La primera es hija de la violencia de un sistema que considera desechables a los seres humanos. Los pobres no existen más que como mano de obra. Y como fuente de riqueza, claro, a través del tráfico de personas. Según la Organización Internacional del Trabajo, la OIT, se trata de la empresa criminal que crece más rápido del mundo, generando aproximadamente 150 mil millones de dólares anualmente en forma de beneficios ilegales.
La segunda imagen, o la segunda cara de la moneda, muestra uno de los orgullos de México, la época áurea de su política exterior. Una política basada en la solidaridad con los oprimidos, con –en este caso- los derrotados de la Guerra Civil Española. Hace ochenta años llegaban a México, a invitación expresa del Presidente Lázaro Cárdenas, los creadores de unos de los experimentos políticos más maravillosos del siglo XX, la Segunda República. Ese momento está marcado por la llegada del Sinaia que arribó a Veracruz el 13 de junio de 1939, del Mexique y de otros veintidós barcos, por la llegada de los llamados “Niños de Morelia” (una historia que me desgarra el corazón), por la generosidad de don Gilberto Bosques recibiendo a los republicanos en la Francia ocupada, por María Zambrano y su profunda luminosidad, por los versos de Pedro Garfias, por Max Aub y el cuento más genial sobre la difícil convivencia entre peninsulares y chilangos en las calles de nuestro Centro Histórico, “La verdadera historia de la muerte de Francisco Franco”.
En la Cámara de Diputados, el conmovedor discurso de agradecimiento de María Luisa Capella, una de las grandes especialistas sobre el tema del exilio republicano, nos recordó estos episodios. Ella, que nació en México de padres exiliados y con dos hermanos mayores nacidos en España, un día siendo niña le preguntó a su padre: “Pero, ¿yo qué soy: española o mexicana?”, y el padre sabiamente le respondió “Mexicana, hija, por supuesto”. Le evitó así los complicados conflictos de identidad que suelen tener los hijos del exilio, y a la vez la convirtió en uno de los puentes más generosos entre ambos países y ambas culturas.

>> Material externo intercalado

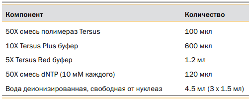 Набор реактивов Tersus Plus PCR kit содержит все необходимые компоненты для постановки 200 стандартных ПЦР амплификаций объемом 25 мкл. В состав набора входят два реакционных буфера, использование которых расширяет сферу применения фермента и облегчает работу по оптимизации условий реакции.
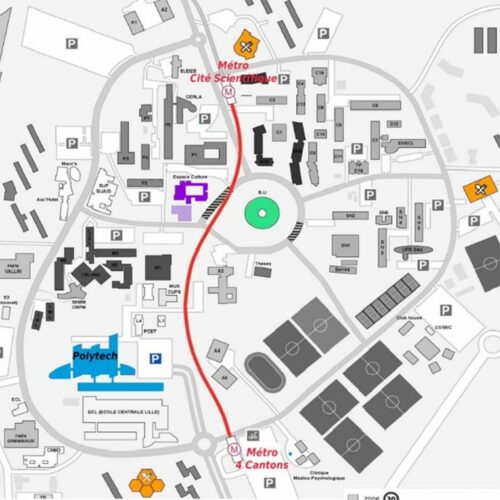 Once at the roundabout next to the station ” 4 Cantons – Stade Pierre Mauroy”, go straight to the enter of the Polytech Lille parking.

En ese barco en que llegó Pepita, su madre, con los pequeños Adela y Antonio, llegó también parte de la historia de muchos de nosotros.
2.
Si he perdido la vida, el tiempo, todo / lo que tiré, como un anillo, al agua, / si he perdido la voz en la maleza, / me queda la palabra. Si he sufrido la sed, el hambre, todo
lo que era mío y resultó ser nada, /si he segado las sombras en silencio, me queda la palabra.
Estos versos de Blas de Otero son una especie de mantra en mi vida. Y vuelvo a decirlos ahora que se conmemoran los ochenta años del exilio republicano español. Porque sí, es la palabra lo que nos queda hoy en este mundo desgarrado e injusto en el que vivimos; en este mundo que a la vez amamos tantos. Es la palabra y su capacidad de diálogo, de encuentro con los otros, su capacidad de convertirse en caricia, en cuidado, en herramienta de construcción, pero también de lucha, de compromiso… y sin duda: de memoria. La palabra es la herencia más valiosa que hemos recibido, el puente con nuestra historia, con la íntima y personal, pero también –como hoy- con la de la comunidad de la que formamos parte.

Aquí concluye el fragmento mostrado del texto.